The original bridge had two lanes and a main span of 600 ft and total length of 3184.2 ft. The original bridge had a deck width of a mere 20 ft, and above the deck the vertical clearance was 16.8 ft.

Built by J.G. White Engineering Corp., construction was started in 1928, and completed in 1929, at the cost of $1,365,101.84. It was opened for traffic on December 20, 1929. During the winter of 1933, the bridge was briefly closed for three days due to ice accumulation on the lower truss members, marking the first recorded weather-related closure in its history.

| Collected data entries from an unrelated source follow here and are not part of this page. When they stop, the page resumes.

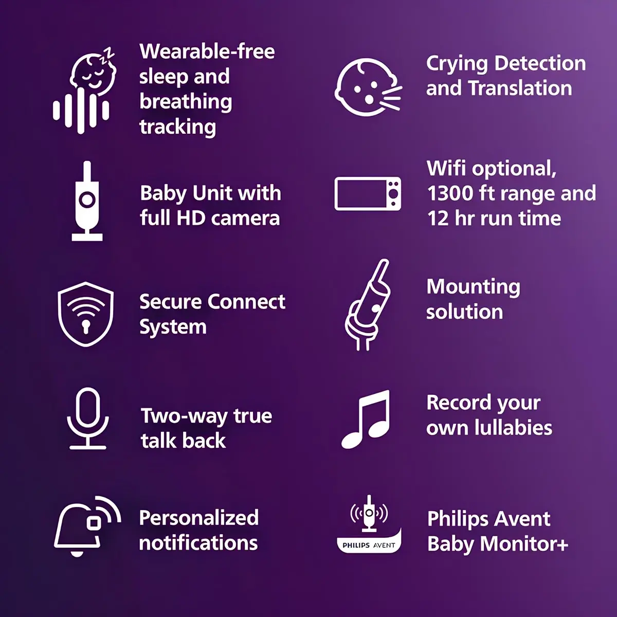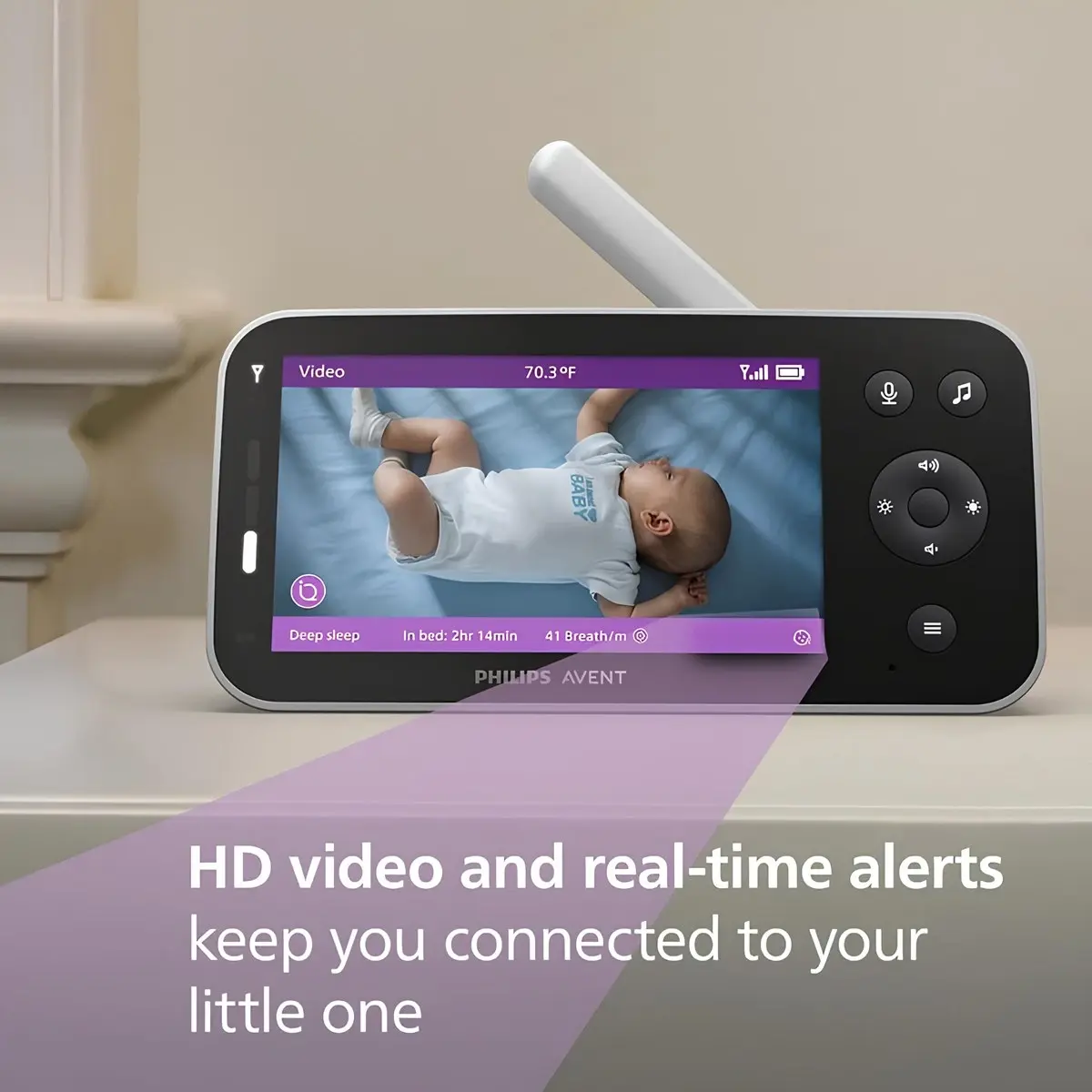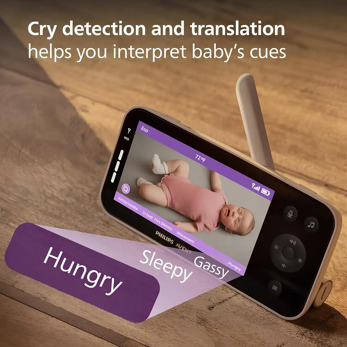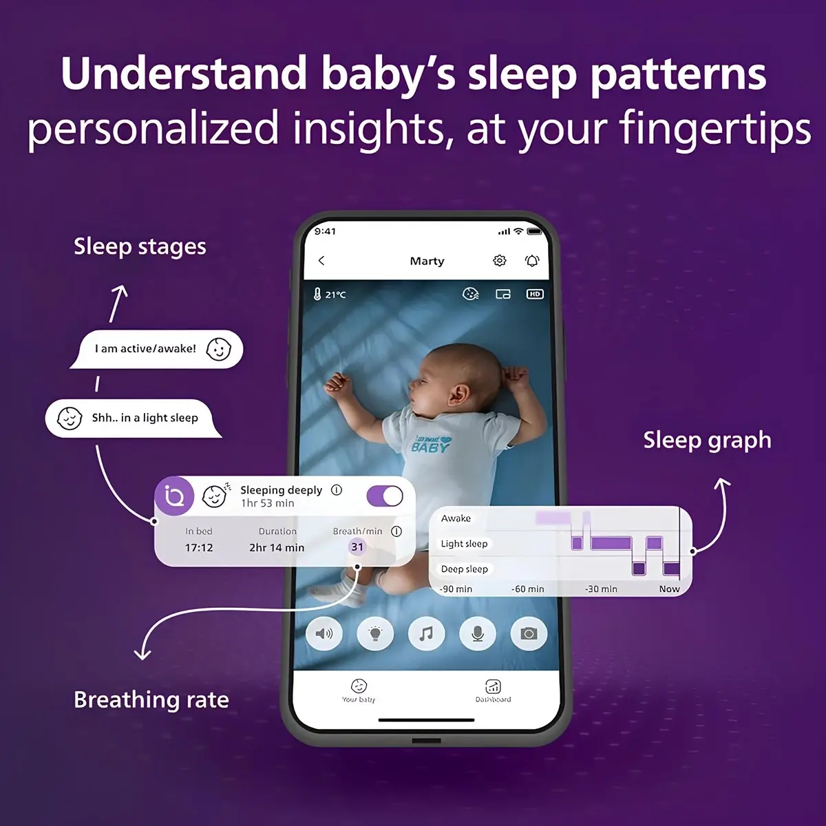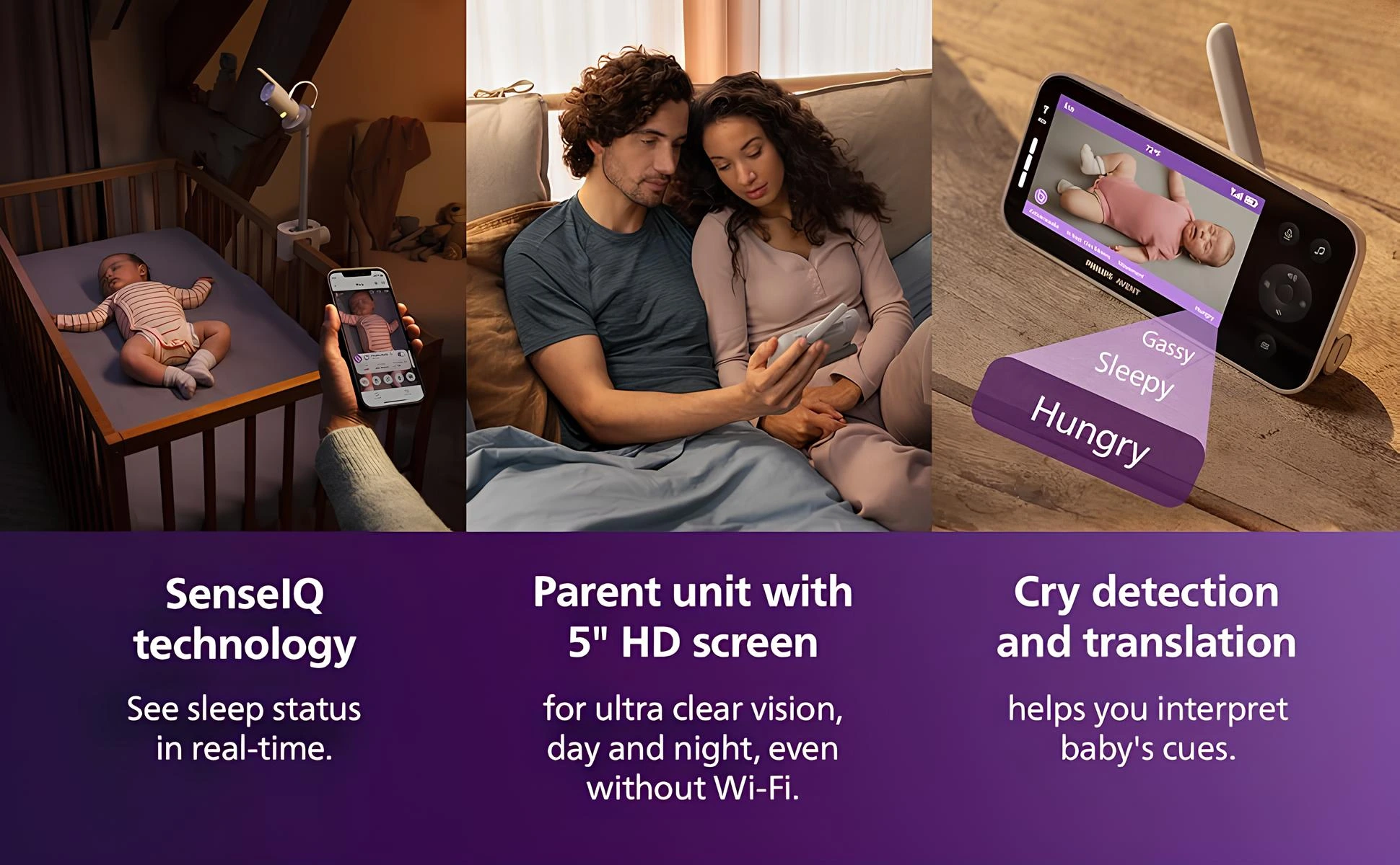 SenseIQ teknolojisi ile uyku durumunu gerçek zamanlı görün • 5 inç HD ekranlı ebeveyn ünitesi ultra net görüntü sunar gündüz ve gece Wi-Fi olmadan bile • Ağlama algılama ve yorumlama bebeğin ipuçlarını anlamanıza yardımcı olur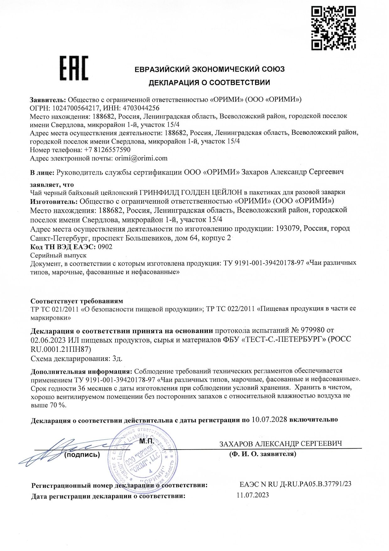 Чай GREENFIELD "Golden Ceylon" черный цейлонский, 25 пакетиков в конвертах по 2 г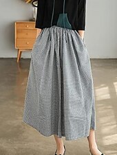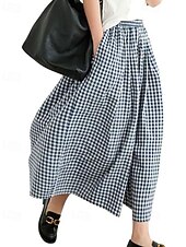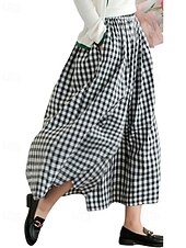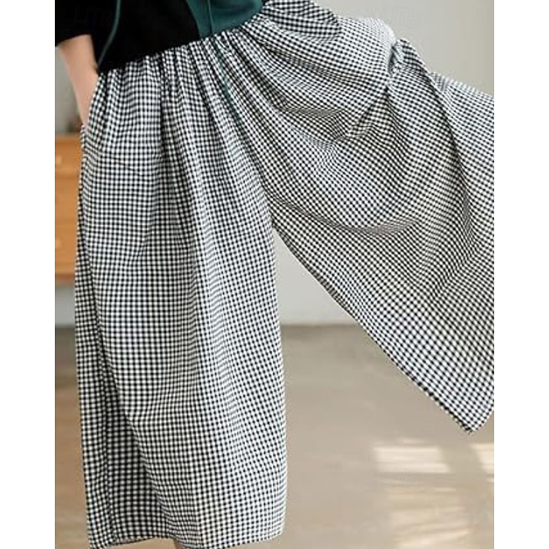 More information about Women's Wide Leg Slacks Streetwear Casual Full Length Natural Plaid Pocket Elastic Waist Comfy Outdoor Vacation Going out Black & White Black Red Dark navy Fall Regular Fit

In 1939, the bridge was purchased by the state of Kentucky. Originally a toll bridge, on November 1, 1947, at noon the toll was removed. In 1970, Kentucky sold rights to the side of the bridge in Indiana to that state.

In 1997 the bridge was refurbished with a new deck and other improvements. This was after a 1995 study which could not agree on a new bridge location, so $10 million was used for the refurbishment.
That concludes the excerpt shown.